While tree-sitter may seem like overkill for removing these annotations, it provides a powerful mechanism for further code analysis and transformation. As we deploy the plugin across a diverse range of binary executables, I anticipate encountering new scenarios where Semgrep may overlook certain lines of code due to annotations or naming conventions used in the Binary Ninja pseudo-C.
Presenting Results
Now we have some “valid” C code that we can run Semgrep over. As mentioned previously, Semgrep uses user-defined queries (sometimes refered to as rules). Fortunately, there are several open-source collections of queries that can be used for vulnerability research and code auditing, such as Semgrep’s rule-repository and 0xdea’s repository. The plugin provides a pop up to specify a Semgrep query file, runs the Semgrep query (or queries) over a Binary Ninja project, and then displays the results in a tab in Binary Ninja.
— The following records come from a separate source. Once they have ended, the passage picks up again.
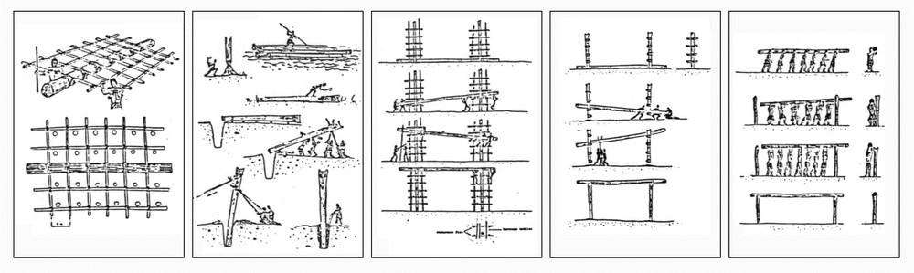 But such a construction is so alien to the thinking of the industrialized world that transverse tie-beam reconstructions of such buildings continue to be on public display, such as those in the open-air museum of Beaune in France (Archéodrome) or at Ansparn in Austria. Nevertheless, the longitudinal linkage is found in a large number of traditional Melanesian constructions or in some barns in the Mediterranean world.
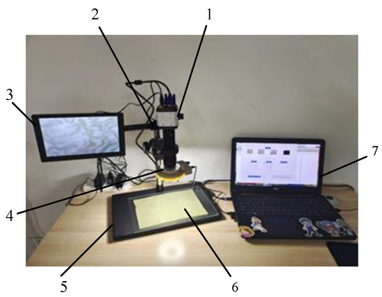 Quality grading system test platform. (1) CCD; (2) Z stage; (3) LCD; (4) LED light source; (5) plane light source; (6) Yuba skin; (7) portable computer.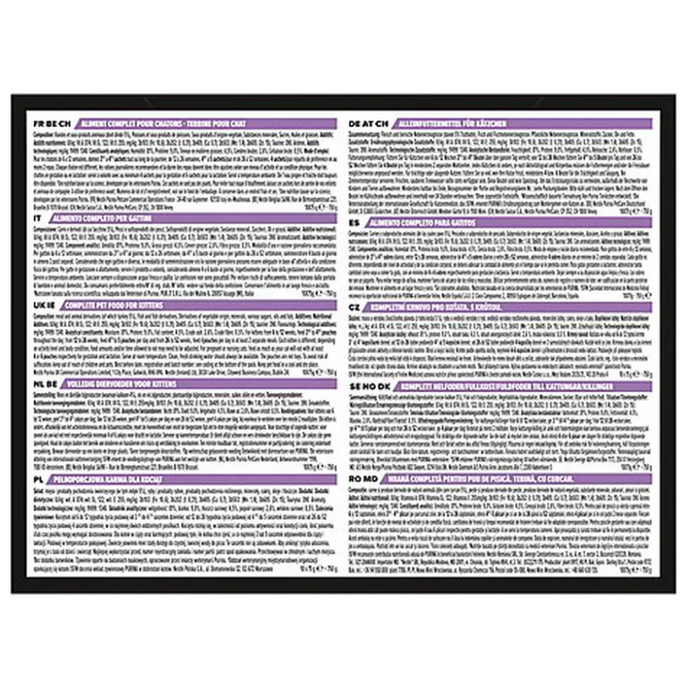 | Directives d’alimentation | Mode d’emploi : Pour les chatons de 6 à 12 semaines, donnez 31/2 à 41/2 sachets tout au long de la journée; de 12 à 26 semaines, 41/2 à 5 sachets/jour et de 26 à 52 semaines, 4 sachets/jour répartis de préférence en au moins 2 repas. Chaque chaton est différent, les rations journalières recommandées et la durée des repas doivent donc être ajustées selon son niveau d’activité et sa condition physique. Pour les chattes en gestation ou en lactation : servir à volonté avec au minimum 4 sachets pour la gestation et 6 sachets pour la lactation. Servir à température ambiante. De l’eau propre et fraîche doit toujours être disponible. |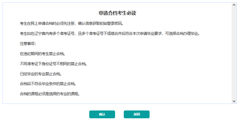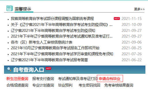 1.考生通过浏览器访问辽宁省高等教育自学考试网上服务平台后,点击自考查询入口中的“申请合档毕业”链接进行申请。

Recall that in the pseudo-C dumping code from PCDump-bn our LinearViewObject
was configured to exclude addresses in the disassembly settings. Therefore, to map Semgrep results to specific addresses we iterate through each function and capture the function’s start addresses and its pseudo-C representation, storing these as paired tuples. Upon completing the Semgrep analysis, the script uses this data to find the addresses within the binary. This enables direct click-through from Semgrep results to addresses in the disassembly view.
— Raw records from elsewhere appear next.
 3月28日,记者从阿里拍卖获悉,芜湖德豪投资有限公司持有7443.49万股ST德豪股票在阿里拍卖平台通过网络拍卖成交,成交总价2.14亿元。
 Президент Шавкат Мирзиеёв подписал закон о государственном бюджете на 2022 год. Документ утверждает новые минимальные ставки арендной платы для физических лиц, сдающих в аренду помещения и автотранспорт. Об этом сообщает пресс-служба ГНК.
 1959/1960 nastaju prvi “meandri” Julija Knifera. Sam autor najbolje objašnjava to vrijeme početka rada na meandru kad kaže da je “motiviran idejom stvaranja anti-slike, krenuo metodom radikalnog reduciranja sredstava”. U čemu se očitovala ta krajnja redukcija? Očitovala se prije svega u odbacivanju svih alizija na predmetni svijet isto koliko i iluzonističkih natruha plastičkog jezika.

Having access to Semgrep results within Binary Ninja enables quick and simple vulnerability analysis, particularly with queries written to detect complex vulnerabilities like use-after-free and double-free. These vulnerabilities can be hard to spot for an inexperienced researcher, as they are generally not identifiable by a single line of code but rather require semantic analysis across the binary. Semgrep excels in this regard, and with semgrep_bn
, analysts can quickly be directed to these potential security issues.
Conclusion
Overall, semgrep_bn
delivered the functionality that I had sought to support my vulnerability research journey. The plugin enables quick and seamless use of Semgrep analyses within Binary Ninja, making the ramp up on performing vulnerability research a lot easier. Furthermore, using several techniques to generate improved pseudo-C decompilation opens the door to leveraging other source-code analysis tools. This was an unexpected outcome for me, but definitely something that could be utilised for other vulnerability research activities in the future.
semgrep_bn
has proven to be a useful tool in my vulnerability research learning, and I hope it can be of use to others as well. Once again, the code for the plugin has been open-sourced and is available here.